▶ Task
Please output the line containing "Dragon-scale tattoos work" and all lines that follow it in the data below, exactly, with no pictures.

▶ Data shown
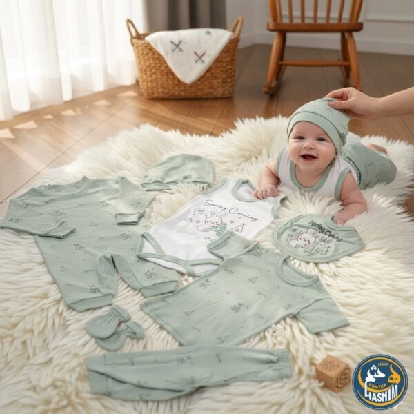مجموعة متكاملة: يحتوي الطقم على كل ما يحتاجه رضيعك، من ملابس أساسية وإكسسوارات متناسقة.
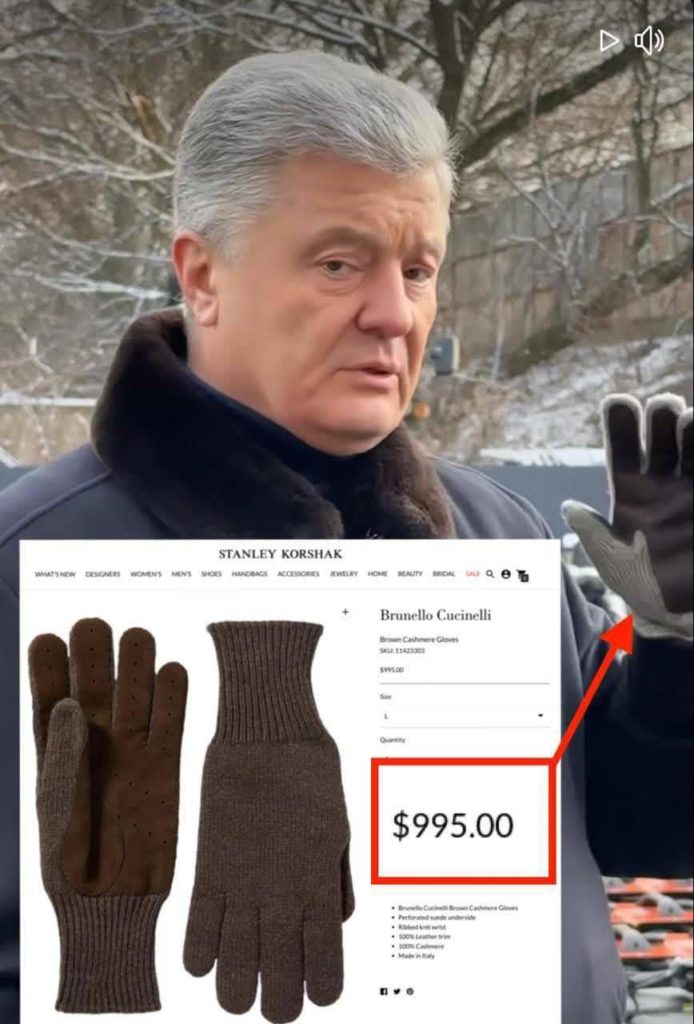 В куртке Loro Piana за 18 400 евро и перчатках Brunello за 1 000 долларов пришёл Пётр Порошенко* жертвовать дроны для боевиков ВСУ.
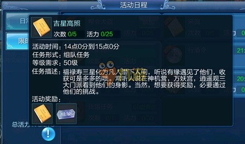 活动规则:组队前往 神机营、逍遥观、万妖宫 挑战地图上的福星 禄星
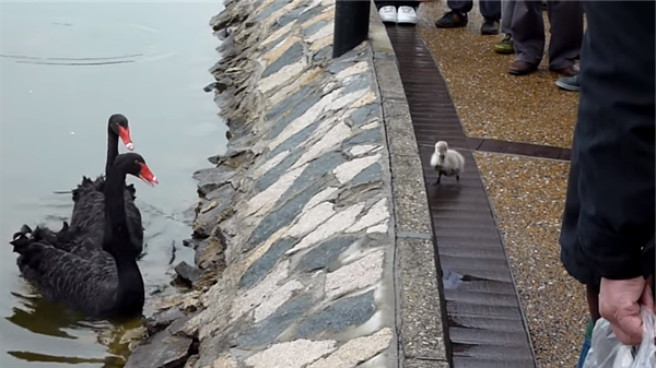 ▼天鵝媽媽見寶寶不願意下水,就走上岸哄牠。天鵝父母跟叛逆的寶寶僵持不下,不知不覺間吸引了一大群路人圍觀。一名好心的年輕人直接抱起天鵝寶寶,慢慢將牠放到水中。大家本以為天鵝寶寶終於下水,要開始學習游泳了,沒想到牠竟然又跑回岸邊。
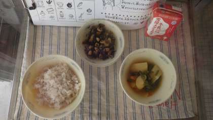 今日の給食では、大豆やひじき、三度豆に鉄が多くふくまれています。
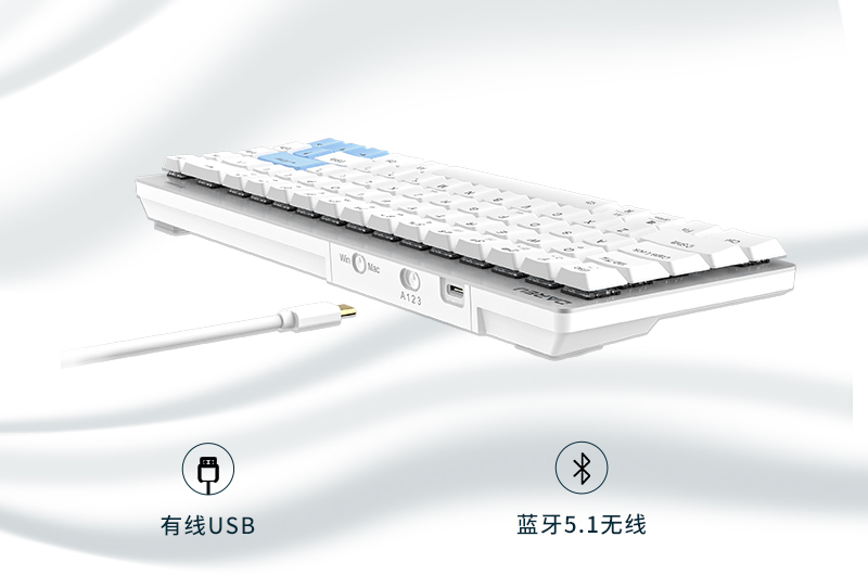 提要:达尔优EK868双模无线机械键盘采用有线加无线的双连接模式。采用蓝牙5.1无线方案,支持同时连接三台设备,通过键盘上方的物理推拨按键即可在三台设备间随心切换;内置2000mAh锂电池,有线连接自动充电,且支持边充电边使用。
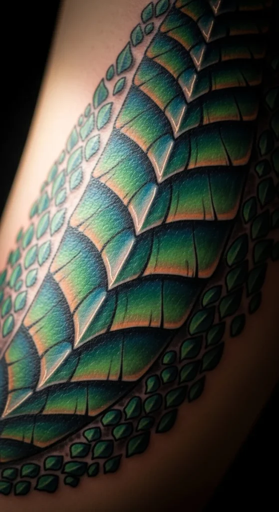 Dragon-scale tattoos work well for people who want subtle detail without a full dragon design. You can place them on the forearm, shoulder, calf, or thigh. These patterns use repetition, which helps keep costs predictable. Ask for honeycomb-style spacing so the scales sit naturally. If you want a quick appointment, stick to black linework without full shading. A handy DIY idea: cut small diamond shapes from paper and layer them on your skin to visualize placement. This look pairs well with other tattoos if you ever expand your collection. Make sure your artist varies scale size lightly for a natural feel.
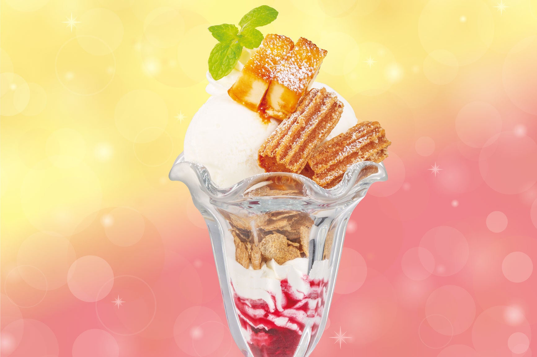 濃厚なカタラーナ、ミルキーな北海道クリームチーズジェラート、サクサク食感のチュロスがトップ部分に飾られた冬らしい色あいのパフェです。縦長のグラスの中には、玄米フレークやホイップ、ベリーソースの層が重なって、食べ進めるごとに様々な食感と味わいが楽しめます。価格は790円(税込869円)

▶ Your response
 Dragon-scale tattoos work well for people who want subtle detail without a full dragon design. You can place them on the forearm, shoulder, calf, or thigh. These patterns use repetition, which helps keep costs predictable. Ask for honeycomb-style spacing so the scales sit naturally. If you want a quick appointment, stick to black linework without full shading. A handy DIY idea: cut small diamond shapes from paper and layer them on your skin to visualize placement. This look pairs well with other tattoos if you ever expand your collection. Make sure your artist varies scale size lightly for a natural feel.
 濃厚なカタラーナ、ミルキーな北海道クリームチーズジェラート、サクサク食感のチュロスがトップ部分に飾られた冬らしい色あいのパフェです。縦長のグラスの中には、玄米フレークやホイップ、ベリーソースの層が重なって、食べ進めるごとに様々な食感と味わいが楽しめます。価格は790円(税込869円)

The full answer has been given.